-- Opening Marker --
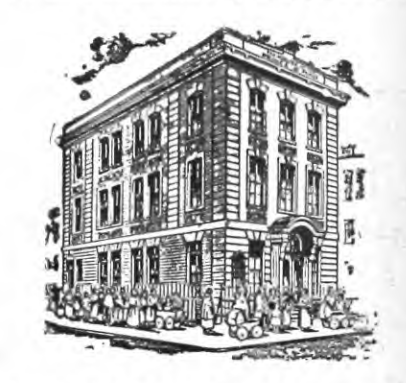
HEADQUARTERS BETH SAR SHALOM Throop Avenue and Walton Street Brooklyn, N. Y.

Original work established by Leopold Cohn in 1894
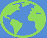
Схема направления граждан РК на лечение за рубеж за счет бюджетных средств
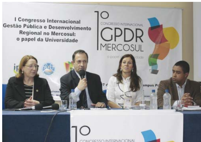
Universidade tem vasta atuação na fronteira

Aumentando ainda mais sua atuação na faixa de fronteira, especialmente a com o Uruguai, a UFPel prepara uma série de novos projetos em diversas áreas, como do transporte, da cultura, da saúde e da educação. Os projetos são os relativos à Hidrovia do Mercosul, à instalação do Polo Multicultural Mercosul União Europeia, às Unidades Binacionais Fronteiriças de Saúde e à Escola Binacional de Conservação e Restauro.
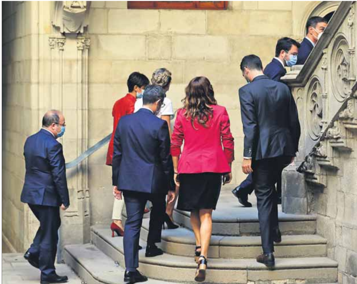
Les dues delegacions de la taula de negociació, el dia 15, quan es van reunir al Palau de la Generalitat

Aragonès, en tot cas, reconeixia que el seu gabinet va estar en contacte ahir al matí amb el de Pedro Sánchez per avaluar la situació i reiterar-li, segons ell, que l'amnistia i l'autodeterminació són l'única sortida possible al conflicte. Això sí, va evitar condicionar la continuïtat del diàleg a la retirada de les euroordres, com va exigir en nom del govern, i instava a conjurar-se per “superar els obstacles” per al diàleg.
-- Closing Marker --
-- Opening Marker --
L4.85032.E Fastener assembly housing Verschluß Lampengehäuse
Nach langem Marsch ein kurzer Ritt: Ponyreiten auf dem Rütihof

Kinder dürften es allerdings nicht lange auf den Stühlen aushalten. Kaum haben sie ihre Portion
-- Closing Marker --
-- Opening Marker --
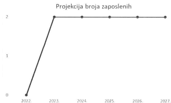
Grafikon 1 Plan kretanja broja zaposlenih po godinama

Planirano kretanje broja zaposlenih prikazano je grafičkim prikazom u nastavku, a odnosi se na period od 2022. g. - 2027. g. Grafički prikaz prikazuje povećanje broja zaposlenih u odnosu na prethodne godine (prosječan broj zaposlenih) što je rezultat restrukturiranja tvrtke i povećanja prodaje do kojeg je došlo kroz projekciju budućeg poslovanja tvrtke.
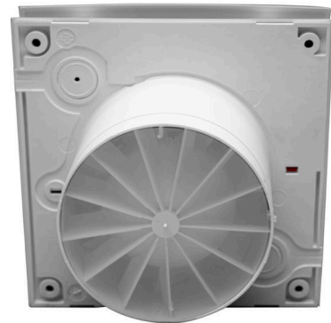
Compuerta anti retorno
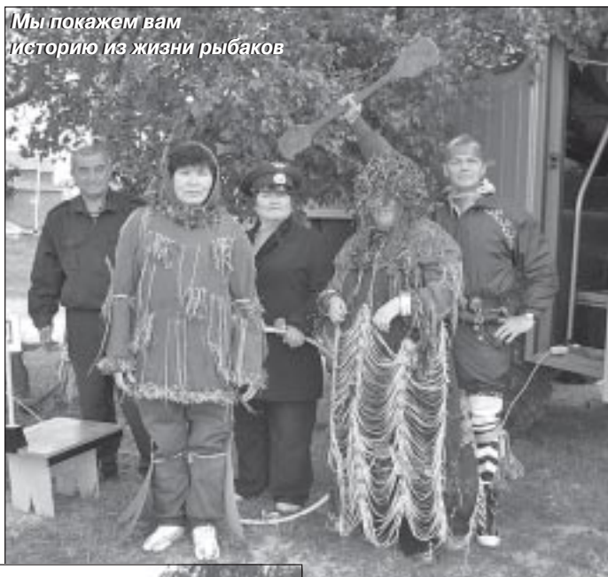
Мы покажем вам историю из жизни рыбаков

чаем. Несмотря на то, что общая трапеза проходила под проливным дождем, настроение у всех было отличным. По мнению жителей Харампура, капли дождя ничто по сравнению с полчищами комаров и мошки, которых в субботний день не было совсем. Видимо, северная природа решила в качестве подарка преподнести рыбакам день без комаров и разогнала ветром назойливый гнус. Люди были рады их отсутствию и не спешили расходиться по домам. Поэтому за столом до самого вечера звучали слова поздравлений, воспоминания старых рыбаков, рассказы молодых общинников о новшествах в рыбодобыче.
-- Closing Marker --
From the listing, reproduce every line where the word "zaposlenih" is present.

### Exercise result
Grafikon 1 Plan kretanja broja zaposlenih po godinama
Planirano kretanje broja zaposlenih prikazano je grafičkim prikazom u nastavku, a odnosi se na period od 2022. g. - 2027. g. Grafički prikaz prikazuje povećanje broja zaposlenih u odnosu na prethodne godine (prosječan broj zaposlenih) što je rezultat restrukturiranja tvrtke i povećanja prodaje do kojeg je došlo kroz projekciju budućeg poslovanja tvrtke.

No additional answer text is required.